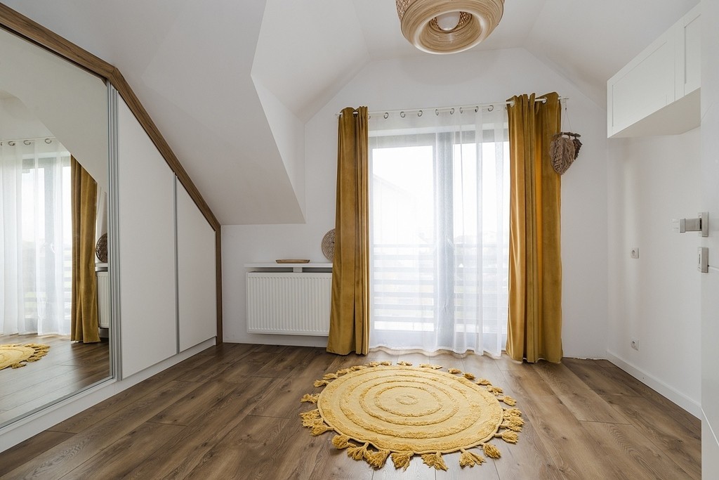 - Sypialnia główna (master) – doskonale doświetlone pomieszczenie z zachodnią ekspozycją, wyposażone w duże balkonowe okno z francuskim balkonem, z którego rozpościera się malowniczy widok na otaczającą zieleń i panoramę miasta w oddali. Sypialnia połączona jest z przestronną garderobą oraz prywatną łazienką z prysznicem i oknem dachowym typu Velux.
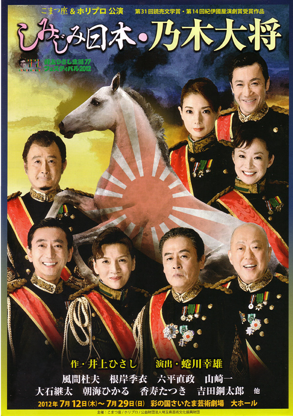 蜷川演出はいつもの外連味ある仕掛けに拠ることなく、孤高に輝く戯曲を、信頼出来る俳優陣にしっかりと委ね、井上ひさしが描きたかった世界を正確に現出させることに集中している。力量ある役者の肩の力の抜き加減が絶妙で、笑いを振り撒きながらも、乃木将軍の心根の奥底を探っていくことになる。何故、乃木将軍は明治天皇が大葬の日の夕刻に殉死したのかと。
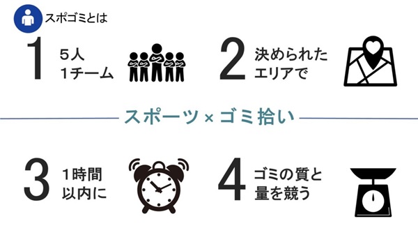 「スポGOMI」は、決められたエリアで1時間の制限時間内にチームでゴミを拾い、収集量とゴミの種類によってポイントを競う環境スポーツ。入賞チームには賞品を用意している。
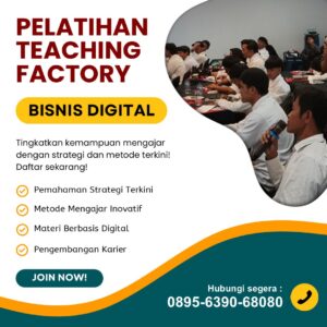 Ikuti workshop teaching factory di Malang. Pengalaman langsung yang memperkuat keterampilan Anda. Dengan pelatihan berbasis pengalaman langsung ini, Anda tidak hanya akan memperoleh teori, tetapi juga keterampilan praktis yang dapat langsung digunakan dalam pengajaran maupun dalam pengembangan karier profesional Anda.
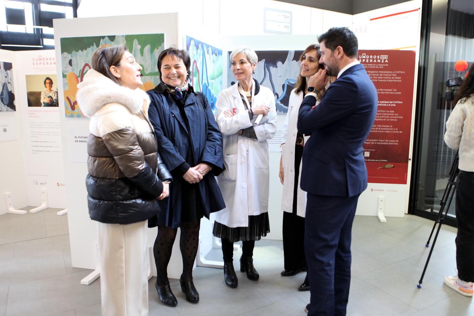 El Hospital Sierrallana ha inaugurado esta mañana la exposición 'Retratos con esperanza' que busca aumentar la visibilidad del cáncer de mama triple negativo metastásico (CMTNm) mediante una muestra plástica que expone la realidad y esperanza de las pacientes y familiares.
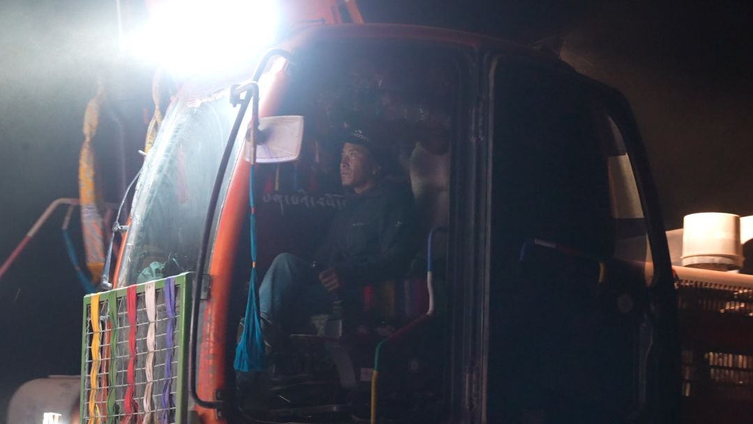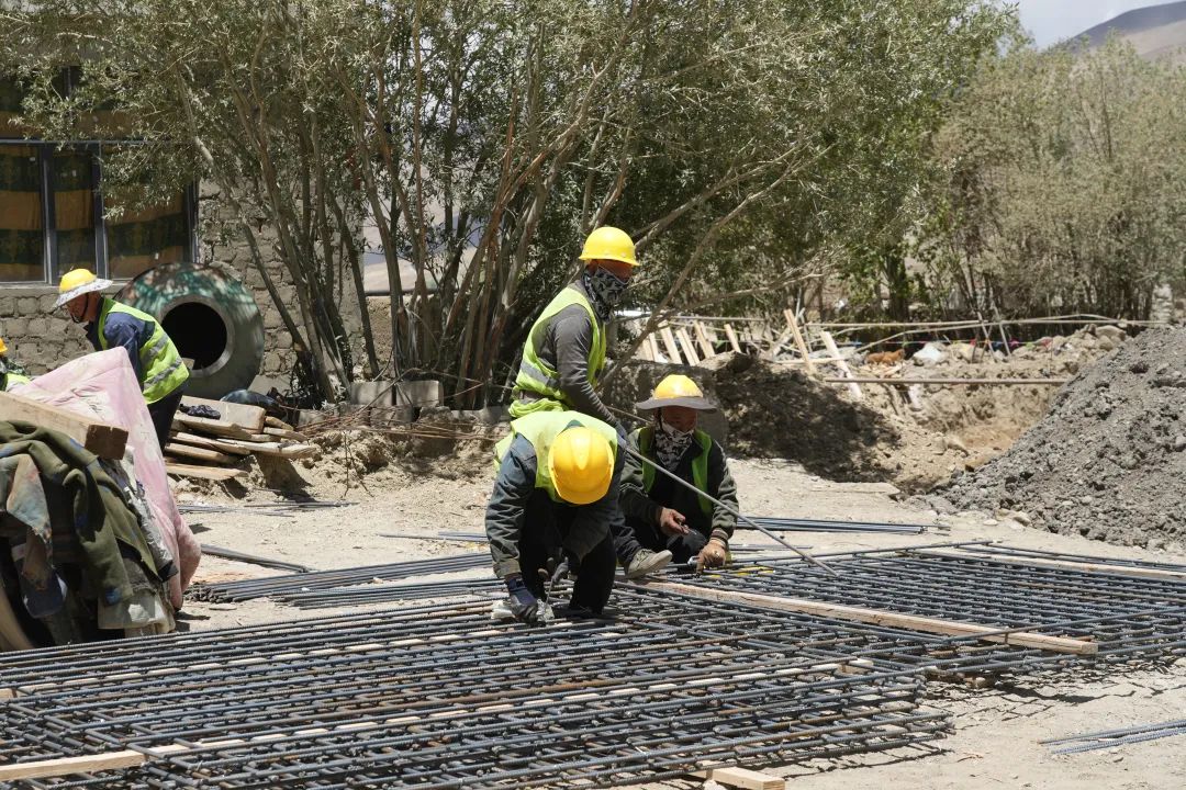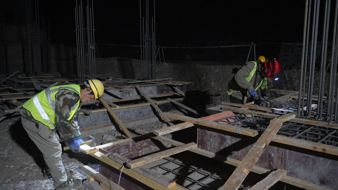 當夜幕籠罩村莊,大風呼嘯,旺加仍未歸家。他戴上安全帽,出現(xiàn)在燈火通明的工地。機械轟鳴,人聲交織。旺加仔細巡視基坑、鋼筋,履行監(jiān)督之責;順手遞工具,用帶著藏語腔調(diào)的漢語講著接地氣的笑話驅(qū)散疲憊。

_ _ _ _ _

### Exercise goal
All of the material above should be set down again exactly, though not its pictures.

### Exercise result
 - Sypialnia główna (master) – doskonale doświetlone pomieszczenie z zachodnią ekspozycją, wyposażone w duże balkonowe okno z francuskim balkonem, z którego rozpościera się malowniczy widok na otaczającą zieleń i panoramę miasta w oddali. Sypialnia połączona jest z przestronną garderobą oraz prywatną łazienką z prysznicem i oknem dachowym typu Velux.
 蜷川演出はいつもの外連味ある仕掛けに拠ることなく、孤高に輝く戯曲を、信頼出来る俳優陣にしっかりと委ね、井上ひさしが描きたかった世界を正確に現出させることに集中している。力量ある役者の肩の力の抜き加減が絶妙で、笑いを振り撒きながらも、乃木将軍の心根の奥底を探っていくことになる。何故、乃木将軍は明治天皇が大葬の日の夕刻に殉死したのかと。
 「スポGOMI」は、決められたエリアで1時間の制限時間内にチームでゴミを拾い、収集量とゴミの種類によってポイントを競う環境スポーツ。入賞チームには賞品を用意している。
 Ikuti workshop teaching factory di Malang. Pengalaman langsung yang memperkuat keterampilan Anda. Dengan pelatihan berbasis pengalaman langsung ini, Anda tidak hanya akan memperoleh teori, tetapi juga keterampilan praktis yang dapat langsung digunakan dalam pengajaran maupun dalam pengembangan karier profesional Anda.
 El Hospital Sierrallana ha inaugurado esta mañana la exposición 'Retratos con esperanza' que busca aumentar la visibilidad del cáncer de mama triple negativo metastásico (CMTNm) mediante una muestra plástica que expone la realidad y esperanza de las pacientes y familiares.
 當夜幕籠罩村莊,大風呼嘯,旺加仍未歸家。他戴上安全帽,出現(xiàn)在燈火通明的工地。機械轟鳴,人聲交織。旺加仔細巡視基坑、鋼筋,履行監(jiān)督之責;順手遞工具,用帶著藏語腔調(diào)的漢語講著接地氣的笑話驅(qū)散疲憊。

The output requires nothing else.